Introduction to the Dirac Delta Function. Created by Sal Khan.

## Want to join the conversation?

- At7:49, I guess you could say he's building a "tau-er". Haha.(72 votes)
- Hi everyone, i wanted to know, why at16:39Sal modelled the force applied with a Dirac's Delta ? Can't understand the motivation, and why this is possible...

Regards(7 votes)- Consider a physical system, in which a object is at rest, and an external force is quickly applied, accelerating it to a velocity of 2 m/s. We know that this force could not have accelerated the object instantly, but for our purposes, let's assume it did. To model this, we would need a function the represents an infinite acceleration (to accelerate the object in an infinitely small time) but has a finite area (the area under the acceleration function is velocity). Sounds like the Dirac delta function, huh? In this scenario, the force applied to the object could be modeled as 2*m*delta(x), where m is the mass of the accelerated object. Physicists and engineers make the assumption that some things happen instantly, because they are so fast that trying to model them using actually equations would over complicate the problem, with no gain. So they use the Dirac delta function to make these "instantaneous" models. It may also help to think of the Dirac delta function as the derivative of the step function. The Dirac delta function usually occurs as the derivative of the step function in physics. In the above example I gave, and also in the video, the velocity could be modeled as a step function.(22 votes)

- I was wondering if there's a typo in the video, or if I'm misunderstanding something... if we say function equals 2*tau, while tau varies between - and +, doesn't it mean that the function graph goes under X axis (as the function value is negative when tau is negative)?(3 votes)
- Here, he's kind of assuming that Tau will always be positive (for the purpose of this video). Tau doesn't vary between - and + here, because of that implied assumption. Also, Tau isn't the independent variable here. The function is dependent on the variable t, or time. Because of that, Tau can be whatever Sal says it is no matter what t is.(3 votes)

- so does this mean that infinity * 0 = 1 ?(1 vote)
- No, by definition ∞·0 is undefined. The Dirac delta function is a way to "get around" that, by creating a function that is 0 everywhere except at the origin, but the integral over the origin will be 1.(5 votes)

- So from10:50to12:20, you talk about shifting the delta function over the t axis.

But what happens if you, say, multiply t inside the delta function by a number? e.g. int (\delta (5t-3))?

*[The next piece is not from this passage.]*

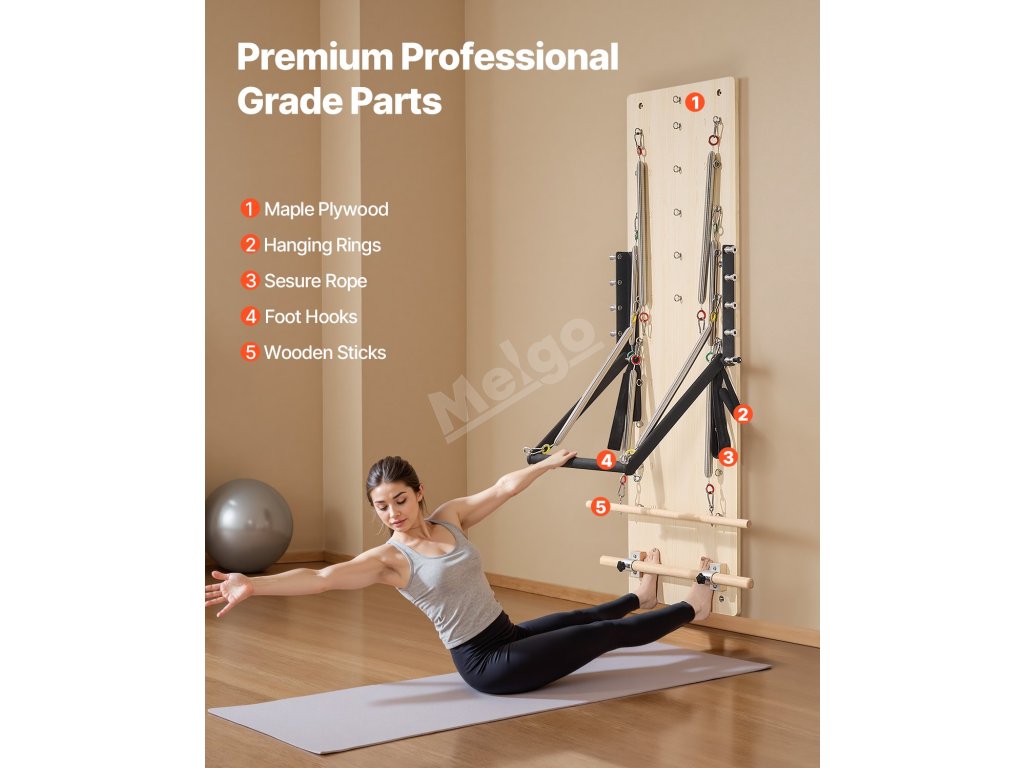Vybavení pro pilates je vyrobeno z přírodního, odolného dřeva s pevnou konstrukcí, která vyhovuje každodenním tréninkovým potřebám. Používá bílé masivní dřevo pro estetičtější design.

So in this example, I shift 3 units to the right, but then, when I evaluate integrals based on the definition that int (\delta(t) dt) = 1, I should divide by 1/5, right?

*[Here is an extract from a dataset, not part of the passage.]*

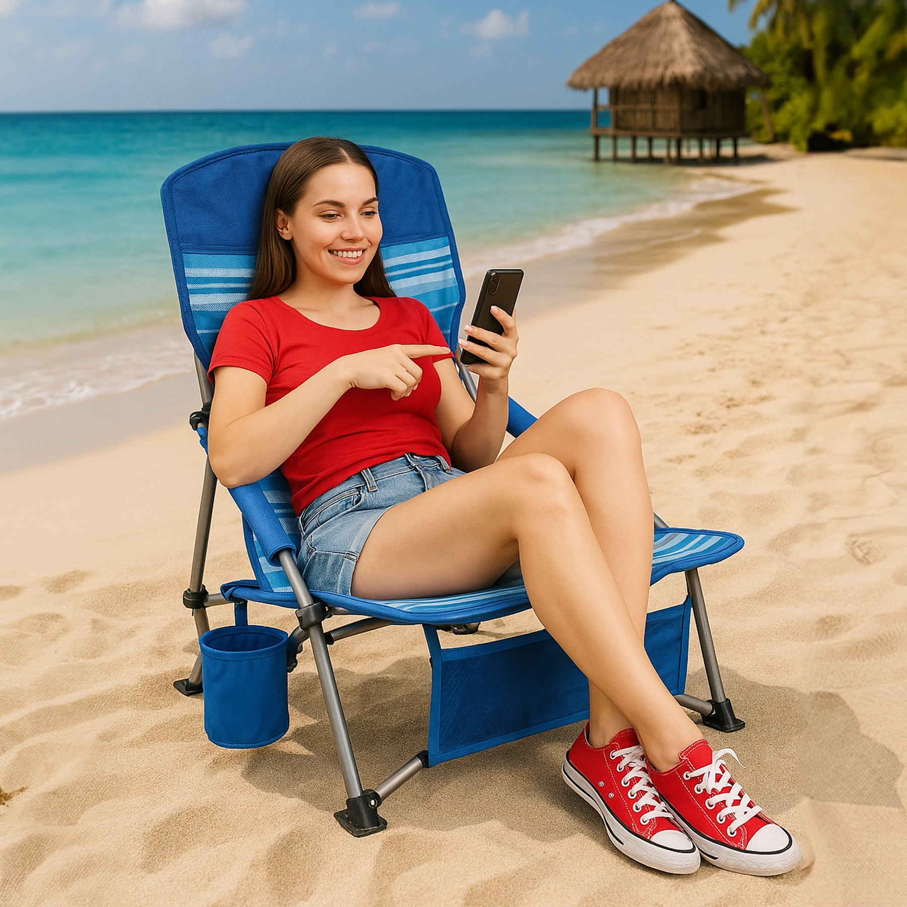 - Cup holder keeps drinks accessible and steady during outdoor lounging

Also, what happens when we are talking about volume integrals on a delta function with a similar situation like the one postulated above? So int(\delta^3(5t-3))? I am not sure how I should "take the 5 out" to easily solve the integral. Should I also cube what I divide? ([1/5]^3)(1 vote)- The integral of delta(x) is = 1 IF the variable of integration is x, i.e.,

Int delta(x) dx = 1. Similarly, Int delta(x - 2) dx = Int delta(x - 2) d(x - 2) = 1.

But Int delta(2x) dx = Int delta(2x) d(2x/2) = (1/2) Int delta(2x) d(2x) = (1/2) 1 = (1/2). Similarly, for a > 0,

Int delta(ax + b) dx = (1/a) Int delta(ax + b) d(ax + b) = (1/a),

while for a < 0 we get,

Int delta(ax + b) dx = - (1/a) because the negative nature of a inverts the order of the integration.(1 vote)

- Can you use he dirac delta function to model the collapse of a wave function for a particle? Please help(2 votes)
- "...he [Dirac] proposed the Dirac equation as a relativistic equation of motion for the wave function of the electron." Bibcode:1928RSPSA.117..610D.(1 vote)

- is the same δ(t+1) = δ(1-t)(1 vote)
- No, that is not true, \delta(1+t) has a singularity at -1 and \delta(1-t) has singularity at 1. I.e.

f(1)=\integral f(t)\delta(1-t)dt and

f(-1)=\integral f(t)\delta(1+t)dt(2 votes)

- Sal discussed the integral of the dirac delta function by giving a example of dtau(t) at3:57, which fully explained the answer, but what if Dtau(t) isn't 1/2Pi at tau<t<tau, does it produce the same results?(1 vote)
- Where were you in the '80s when I was forced to take this stuff. Those profs were as clear as mud - you make it look simple.(1 vote)
- We didn't have internet, computers were pretty new, and professors were (relatively) rare. Not to mention, few people actually understood high level stuff like this. Even now, this is not common knowledge (not everyone majors in science), but this should be (perhaps even taught in high school?)(1 vote)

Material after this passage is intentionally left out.